Tributação dos ricos
Por Marcio Pochmann, no Valor Econômico
A trajetória do desenvolvimento contempla a existência de um sistema tributário progressivo. Ou seja, a presença de impostos, taxas e contribuições que atuam em proporção maior com a elevação da renda e riqueza. Assim, a justiça tributária se manifesta logo na arrecadação do fundo público e se mantém na medida em que o gasto governamental seja proporcionalmente maior com a redução da renda e riqueza. Para se conhecer a eficiência do Estado, basta saber a forma com que tributa a sociedade e redistribui o que arrecadou para a população.Pela tradição do subdesenvolvimento, a capacidade do Estado tributar os pobres tem sido proporcionalmente maior que a renda e a propriedade dos ricos.

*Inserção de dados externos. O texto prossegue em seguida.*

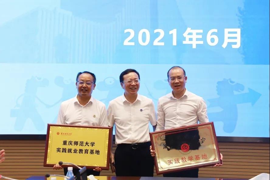 孟小军副校长向重庆产业园授牌“重庆师范大学实践就业教育基地”“实践教学基地” |
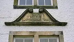 Monkredding's modern form surrounds three sides of a square, open to the north. The west wing and stair-tower are ancient.[8] The west wing bears a date stone '1602 or 1605' in the north gable, whilst the remainder was added in 1638,[9] this date being inscribed on a dormer pediment in the west wall; the lower floor is vaulted. Whitewashed roughcast harling covers the masonry; the roof has been lowered; the circular stair-tower has been significantly raised in height. No dormers are now present and the crow-steps have been removed.[8] The 17th-century building was enlarged and re-orientated in the early 19th century when the principal facade and central entrance were extended south.[10] Monkredding House is B Listed.[11]
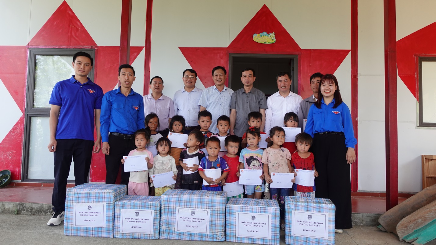 Trong khuôn khổ của Chương trình, Các đồng chí lãnh đạo và Ban Chấp hành Đoàn 3 đơn vị đã đến thăm, trao tặng 15 suất quà cho các cháu học sinh điểm Trường mầm non Hoàng Trù Văn (bản Chảng Phàng) và Tổ chức Lễ ký kết nghĩa giữa 03 đơn vị Đoàn.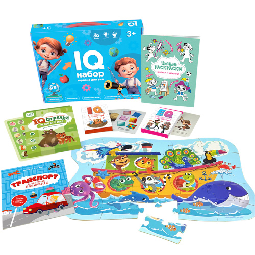 IQ-набор – это 6 в 1 для всестороннего развития ребёнка! С ним ребёнок освоит азы логики и математики, научится легко ориентироваться в пространстве и прокачает творческий и эмоциональный интеллект. В комплекте: 2 карточные игры серии «Игры для ума», настольная игра «IQ-стрелки», пазл на 25 деталей, раскраска и лабиринты. Рекомендованный возраст: 3+.
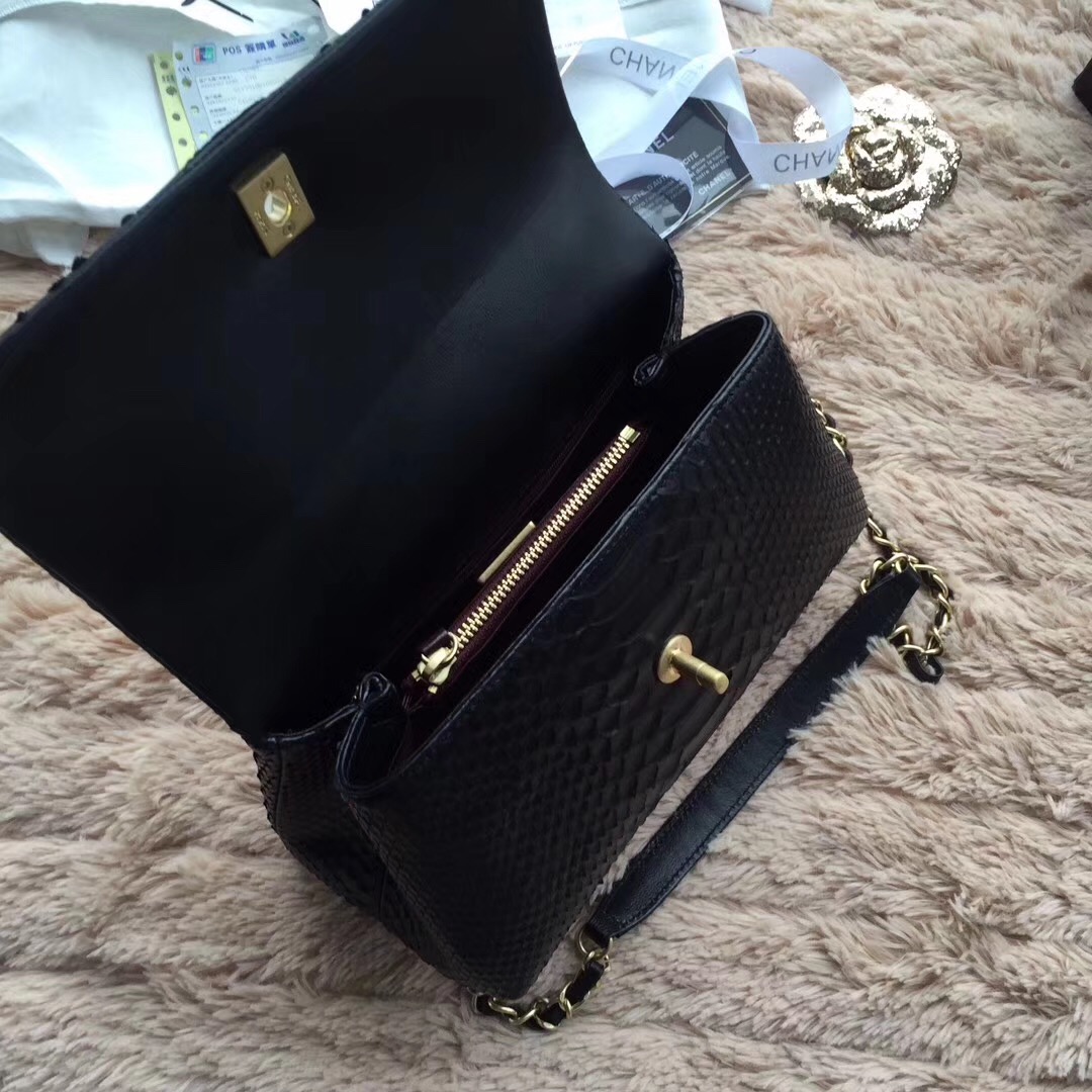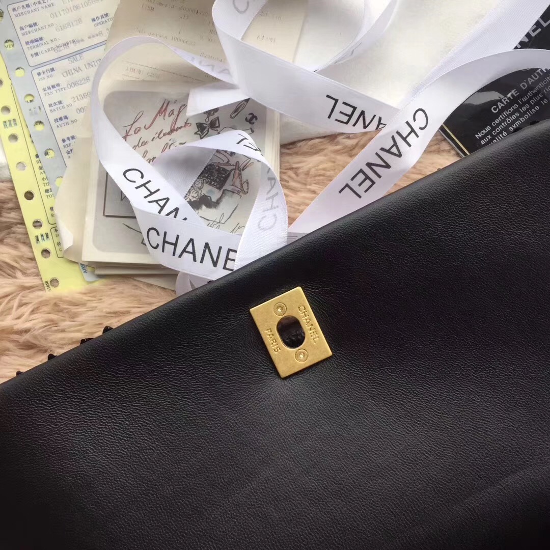 Ch**el grained calfskin caviar stitched shoulder bag black a92949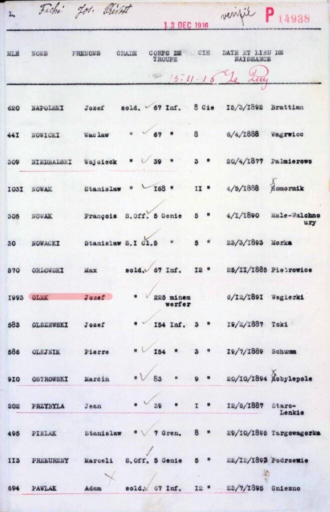 Józef Olek został wzięty do niewoli pod Verdun i przebywał w obozie w Le Puy od 15.11.1916 r.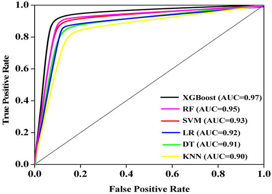 Figure 6 displays Area under the (ROC) Curve. The LR, SVM, DT, RF, KNN, and XGBoost models are represented by lines of a different color in the figure. The black curve’s AUC value of XGBoost is somewhat higher than that of the other four curves, indicating that it has the best performance out of the five models.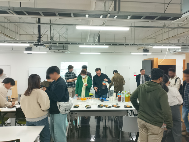 また、フォーラム終了後には親睦会を開催し、5限の講義を終えた日本人学生も加わり総勢約50名で和気あいあいとした雰囲気の中、参加した教職員と学生が専門分野や立場の垣根を越えて交流を深め、今後の連携を促進する機会となりました。
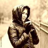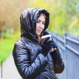 Girl in autumn or spring in a black jacket with a coffee or tea in hand, outdoor. Resting in the city. Life style. Business woman in the hood.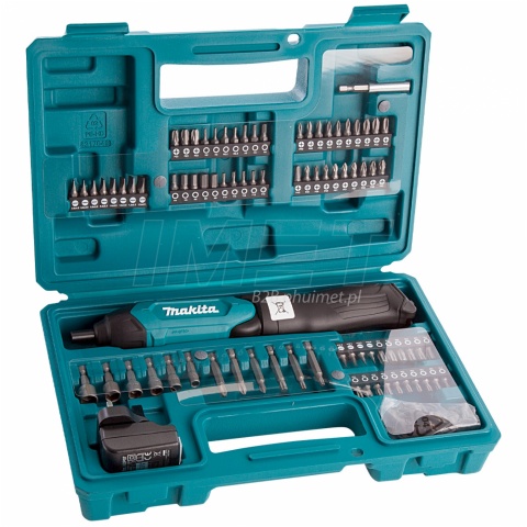 Wkrętak akumulatorowy hex 1/4" Makita DF001DW Akumulator litowo-jonowy 3.6 V/1.5 Ah Ładowarka ADP07 Kabel Micro USB -> USB Zestaw akcesoriów 81sztuk Walizka transportowa Karta gwarancyjna Dowód zakupu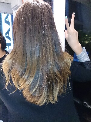 前歴、毛先は少しブリーチのなごりが残っていて、中間部分は10トーンのアッシュ、根本はカラー事態は1年ぐらいしていない感じです。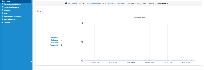 Every Finatra by default exposes an admin interface at http://localhost:9990/admin that you can use to get system level details like CPU usage profile, heap profile, server information, and many other. To learn about all admin features refer to Twitter Server documentation.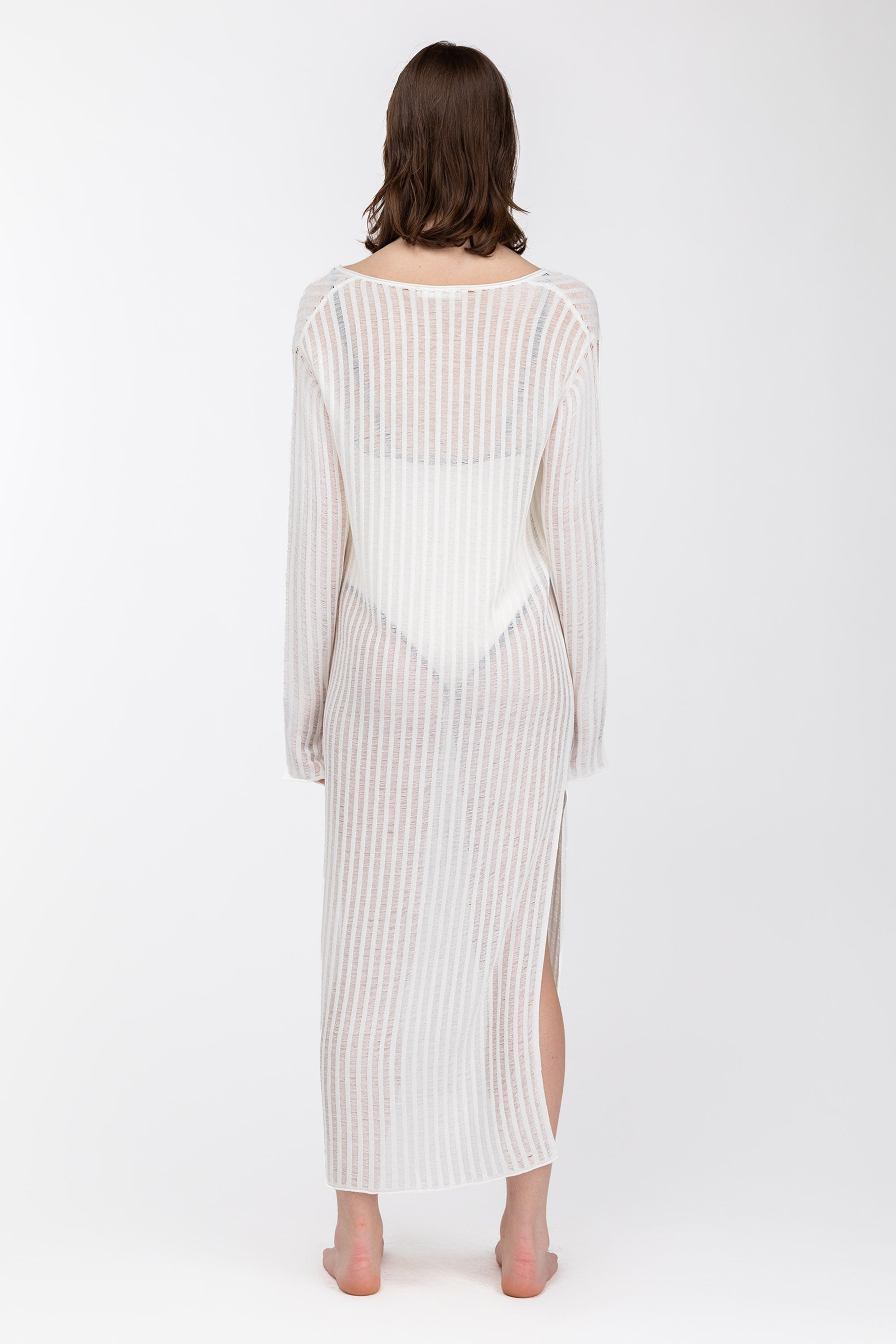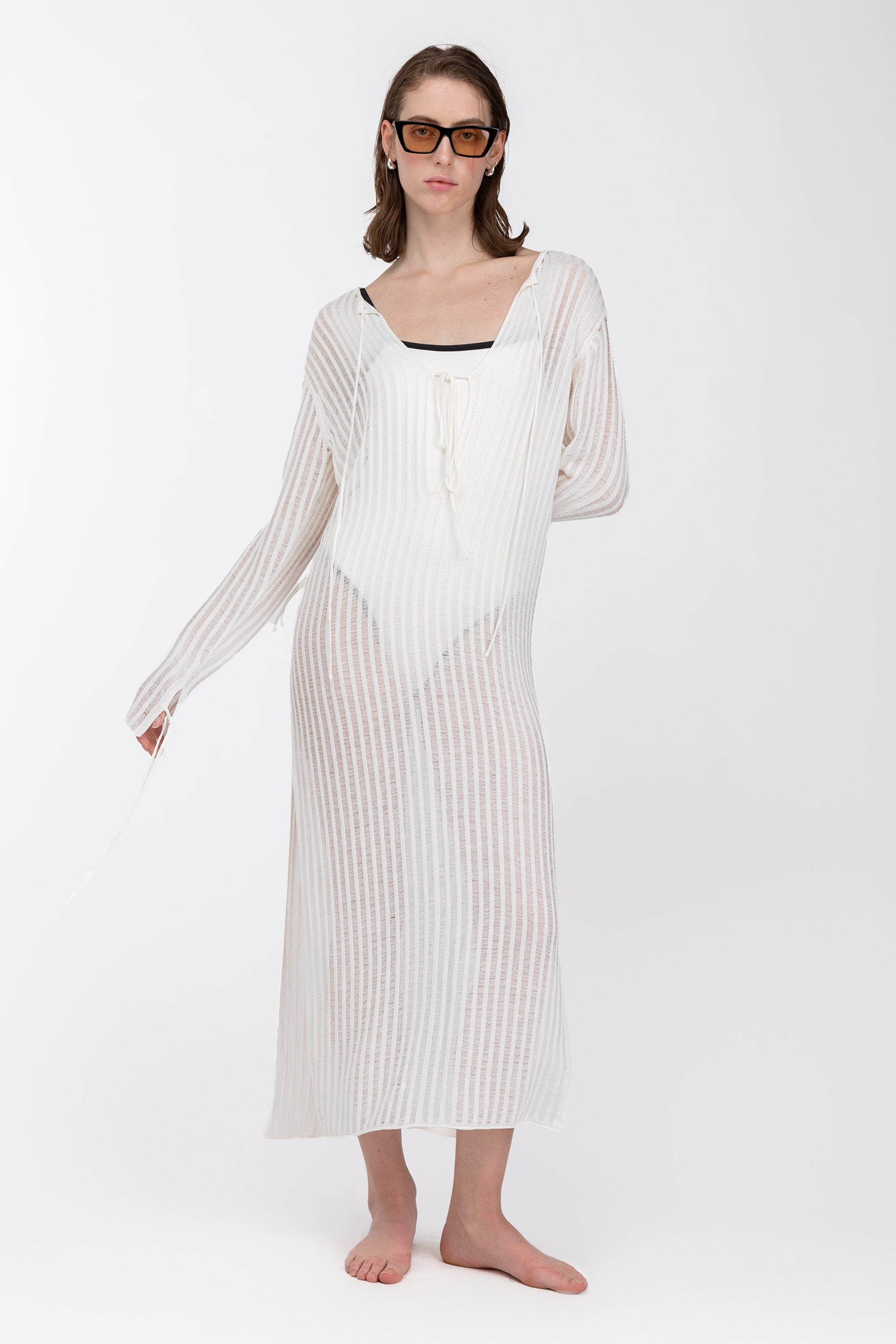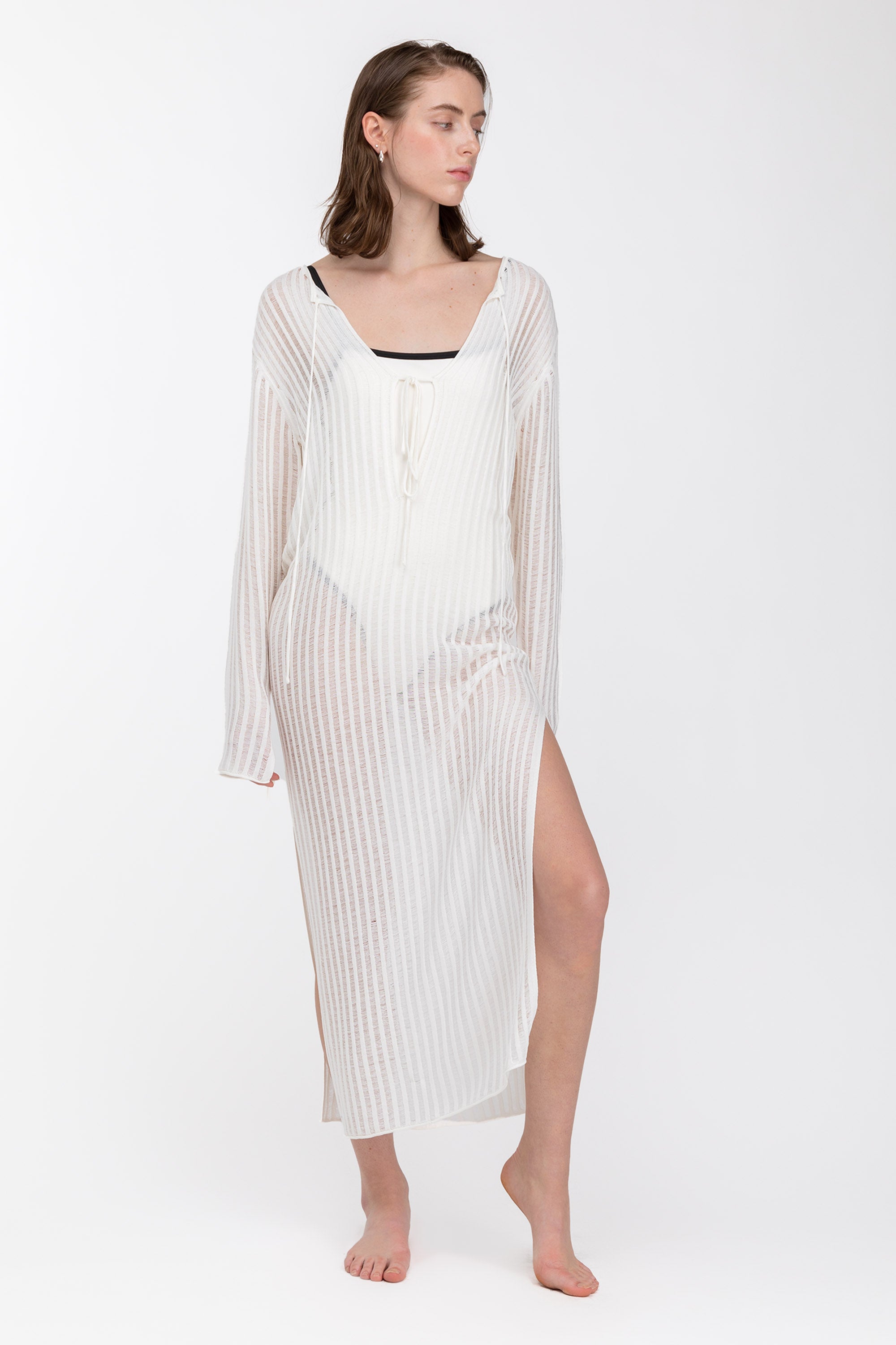REVERSIBLE SHEER RIB-KNIT DRESS SWIM COVERUP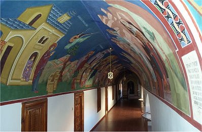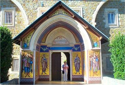 Kykkos Monastery. "We also visited Kykkos Monastery which is fairly new. I must say it is the most beautiful one I have seen since we came to this mission. There are hundreds of mosaic murals on the walls. And the setting is so impressive in the tops of the Troodos mountains." |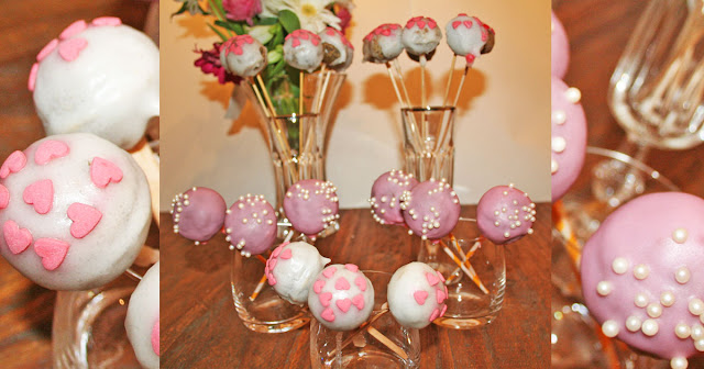 Ich habe mich an Cake Pops gewagt, natürlich in Rosa und mit Herzen 😉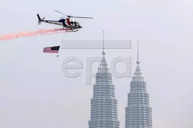 拉著國旗在吉隆坡標志建築雙子塔前飛一圈。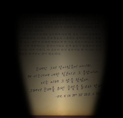 “아니, 그거 말고… 그 밑에, 누가 손글씨로 써놓은 거 있잖아. X 박사라는 사람이 쓴 거.”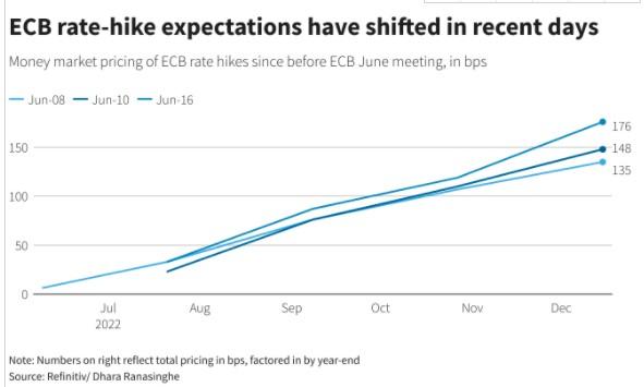 货币市场目前预计,到2023年7月,欧洲央行将累计加息272个基点,届时基准利率将达到约2.1%。相比之下,在6月初,市场对欧洲央行到2024年初的利率定价仅有1.5%。

O inverso se estabelece na redistribuição do fundo público constituído por impostos, taxas e contribuições, uma vez que os pobres ficam geralmente com a parte menor do que contribuíram e os ricos com a parcela maior. Isso tudo porque os segmentos privilegiados demonstram inegáveis condições de pressionar o Estado a seu favor, bem mais que os demais estratos sociais, sobretudo os mais vulneráveis e desorganizados politicamente. Sobre isso, aliás, valeria aprofundar o debate acerca da eficiência do Estado.